MATERIAL PROVIDED:
--*--

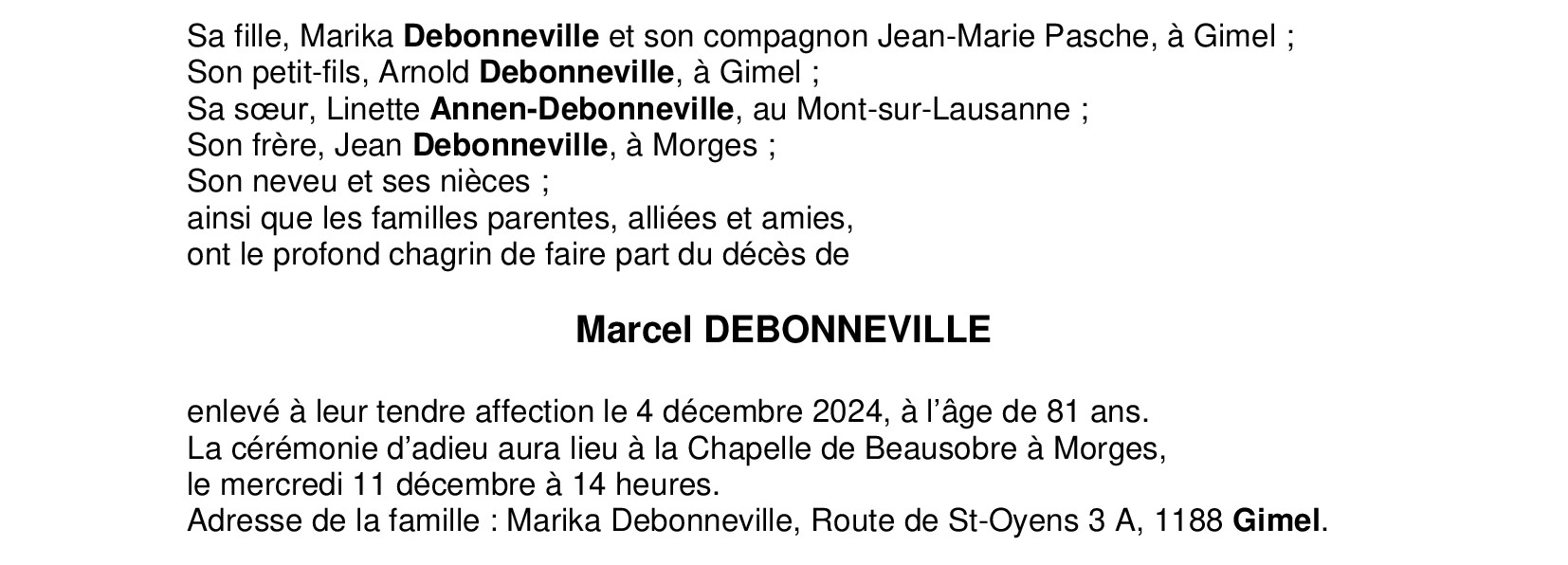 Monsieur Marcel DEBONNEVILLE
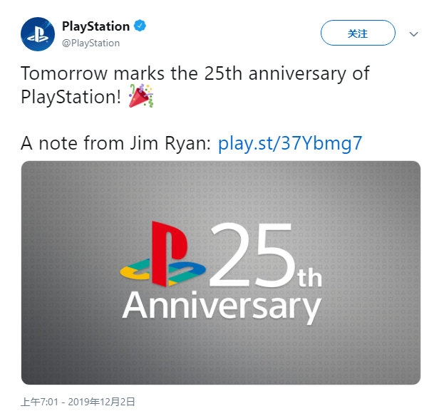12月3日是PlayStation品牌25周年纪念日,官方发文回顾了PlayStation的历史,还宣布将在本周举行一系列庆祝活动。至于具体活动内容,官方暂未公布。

--*--

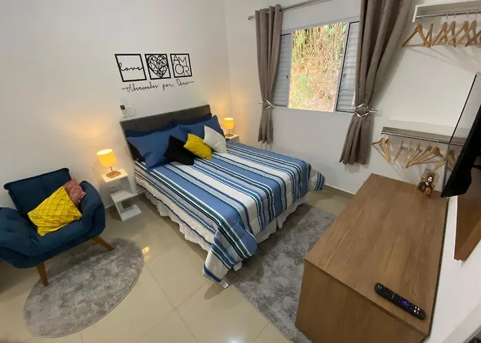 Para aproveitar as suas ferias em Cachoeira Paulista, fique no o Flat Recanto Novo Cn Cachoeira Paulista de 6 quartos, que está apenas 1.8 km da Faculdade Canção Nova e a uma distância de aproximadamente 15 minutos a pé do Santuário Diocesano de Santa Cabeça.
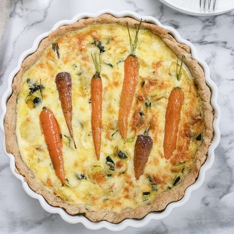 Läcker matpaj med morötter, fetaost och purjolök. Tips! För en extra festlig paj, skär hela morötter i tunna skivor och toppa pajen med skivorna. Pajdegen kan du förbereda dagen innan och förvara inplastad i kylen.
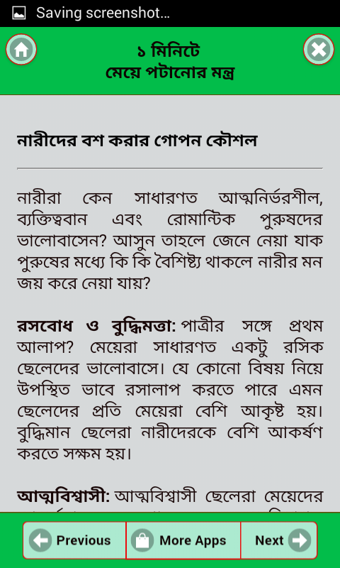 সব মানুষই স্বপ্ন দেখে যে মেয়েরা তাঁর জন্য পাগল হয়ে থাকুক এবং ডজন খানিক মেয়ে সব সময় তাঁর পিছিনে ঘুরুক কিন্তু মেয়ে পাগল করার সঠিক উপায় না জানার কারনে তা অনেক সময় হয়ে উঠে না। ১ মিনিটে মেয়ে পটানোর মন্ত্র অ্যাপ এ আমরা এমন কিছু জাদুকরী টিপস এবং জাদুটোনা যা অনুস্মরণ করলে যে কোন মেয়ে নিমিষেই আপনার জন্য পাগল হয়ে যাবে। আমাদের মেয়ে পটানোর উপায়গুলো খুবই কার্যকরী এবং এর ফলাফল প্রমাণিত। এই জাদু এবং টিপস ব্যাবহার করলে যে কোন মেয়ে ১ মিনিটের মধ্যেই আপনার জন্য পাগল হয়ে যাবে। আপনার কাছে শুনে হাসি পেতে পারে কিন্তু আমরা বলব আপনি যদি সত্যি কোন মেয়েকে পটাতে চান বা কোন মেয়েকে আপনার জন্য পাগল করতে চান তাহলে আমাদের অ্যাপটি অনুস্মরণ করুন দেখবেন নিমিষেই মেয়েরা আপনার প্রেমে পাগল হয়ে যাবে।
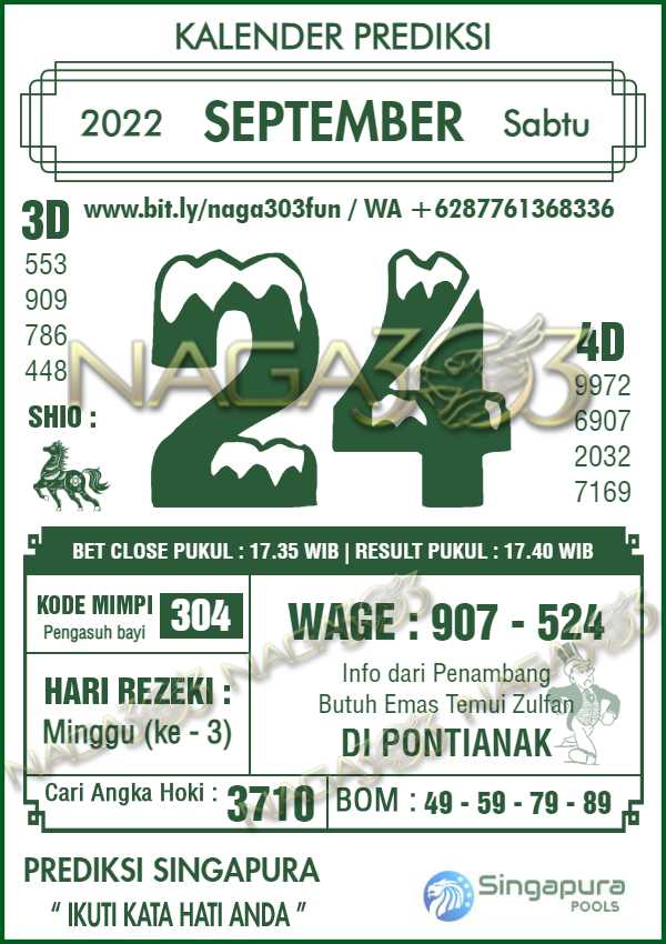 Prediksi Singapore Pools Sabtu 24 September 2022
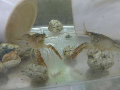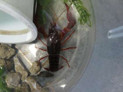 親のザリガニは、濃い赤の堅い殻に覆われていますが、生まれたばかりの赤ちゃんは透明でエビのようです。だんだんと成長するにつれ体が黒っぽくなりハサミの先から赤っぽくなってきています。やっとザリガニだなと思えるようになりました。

--*--

WHAT YOU NEED TO DO:
Copy only what lies between the line with "Para aproveitar as" and the line with "Läcker matpaj med", those two lines included, exactly as given above; pictures stay out.

RESPONSE TO THIS TASK:
 Para aproveitar as suas ferias em Cachoeira Paulista, fique no o Flat Recanto Novo Cn Cachoeira Paulista de 6 quartos, que está apenas 1.8 km da Faculdade Canção Nova e a uma distância de aproximadamente 15 minutos a pé do Santuário Diocesano de Santa Cabeça.
 Läcker matpaj med morötter, fetaost och purjolök. Tips! För en extra festlig paj, skär hela morötter i tunna skivor och toppa pajen med skivorna. Pajdegen kan du förbereda dagen innan och förvara inplastad i kylen.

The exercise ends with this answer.